PhyME was run with the *maxsites* option set to *η*, and MEME was run with the same option set to *ηK*. We also experimented with running MEME with the *nsites* parameter set to *ηK*. OrthoMEME was run with a zeroth order Markov background, in the "zoops" mode, with expected number of sites between 0.8**η* ("minsites") and 1.2**η* ("maxsites"). PhyloGibbs was run with mutation probability 0.7 ("-G 0.3") for all species, and was asked to report three motifs (three "colors") each with 1.5 × *η* occurrences ("-I") initially. A 3^{
rd
}order Markov background ("-N 3") trained on the full complement of yeast promoters was used, as with PhyME and MEME. The "loose align" option ("-D 1") and the "stop after anneal" option ("-X") were used. These options were suggested by an author of PhyloGibbs (Rahul Siddharthan, personal communication). We experimented with a different value for the mutation probability ("-G 0.7"), with no improvement, except in the RAP1 regulon. EMnEM was run with default parameters, the motif length being input through the "-w" parameter. Phylogenetic trees were derived from each input promoter, using the fastDNAML software of Olsen *et al*. [31]. The alignments were done using the MLAGAN program of Brudno *et al*. [21]. In separate runs, we also tried non-default values of the parameters "-p" (relative rate of motif to background; default 0.5, also tried 0.25) and "-m" (evolutionary model; default Jukes-Cantor, also tried F81). The expected number of instances of each motif per sequence ("-e") was set to *η*/*n* and *η*/*n* + 1 in separate runs, where *n* is the number of input promoters. For each data set, and for each value of *K*, we took the best scoring choice of parameters. This was done to give some advantage to EMnEM, since we lacked expertise in choosing optimal parameter values.

#### Fly

The locations of cis-regulatory modules involved in body-patterning of the early embryo in *D. melanogaster* were obtained from [26], and their sequences were extracted from BDGP [32]. The evaluation procedure was identical to that in yeast, with the following difference. Since there is no complete list of verified sites in the enhancers, we first scanned the sequences (in *D. melanogaster*) with the known weight matrix, and counted matches, by the same measure as above. This count was the value of *η* used in the experiment. An extra complication in the fly data is caused by the fact that each enhancer typically contains sites for multiple transcription factors. We restricted our tests to the factors Kr and Bcd, because their weight matrices are of better quality than others. Moreover, for each enhancer, we chose to test with the transcription factor with most putative sites (matches to its weight matrix).

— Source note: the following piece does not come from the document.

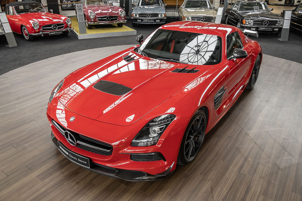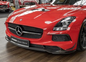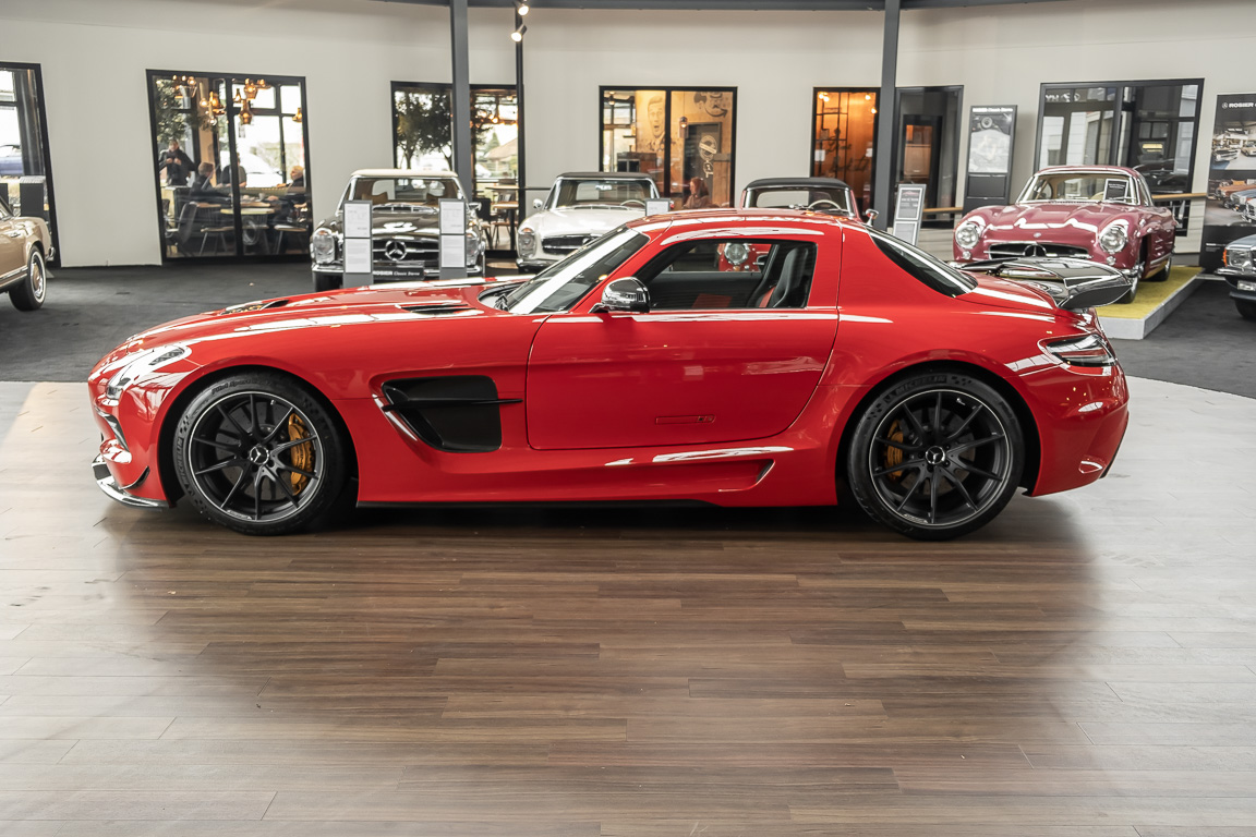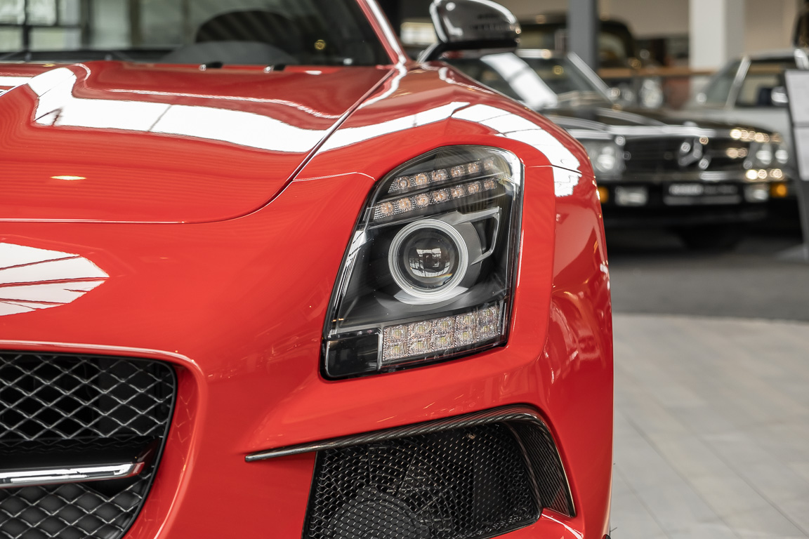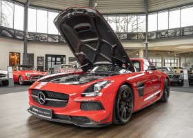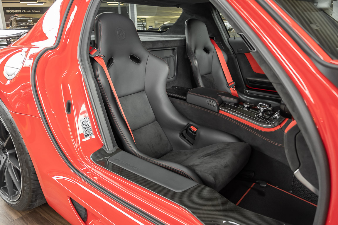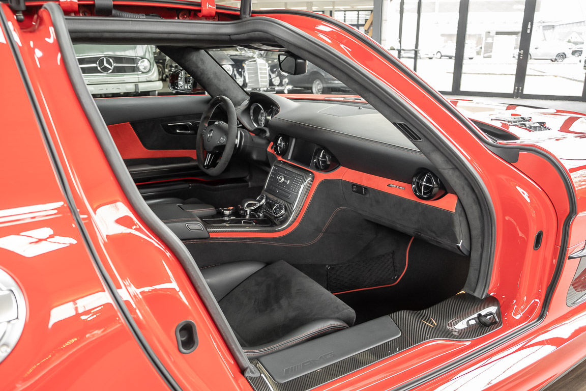 We are pleased to offer you the next gullwing icon after the legendary 300 SL. The Mercedes-Benz SLS AMG Black Series was produced in small series, in a strictly limited edition of 350 vehicles, and is a highly interesting gem for collectors worldwide. With 631 hp, the 6.3l naturally aspirated V8 engine not only provides 60 hp more power than the standard SLS, thanks to intelligent lightweight construction, the Black Series ensures driving performance like a racing car. At least in theory. In practice, despite racing genes, the Black Series models were mostly stored and hardly moved due to rapidly rising prices. Like this specimen.

OrthoMEME was run as in the yeast data sets (see above), except that the "tcm" mode was used now. PhyloGibbs was also run as in the yeast data sets, except that we used a mutation probability of 0.5 ("-G 0.5"), and a 2^{
nd
}order Markov background ("-N 2"), trained on non-coding regions in fly. We also experimented with a higher value of the mutation probability, and tried specifying the initial number of occurrences per motif ("-I") differently, with no clear improvement. EMnEM was run with the Jukes-Cantor evolutionary model ("-m 0") and with the relative rate of motif to background ("-p") set to 0.5 and 0.25 in separate runs. The expected number of motifs was set to *η* and 1.5 × *η* in separate runs. The best performing choice of parameters was used for each data set.

#### Human

The genes comprising each regulon were obtained from TRANSFAC [33]. Mouse and rat orthology information for human genes was obtained from Homologene [34]. Human, mouse and rat promoters were obtained from the UCSC Genome Browser [35].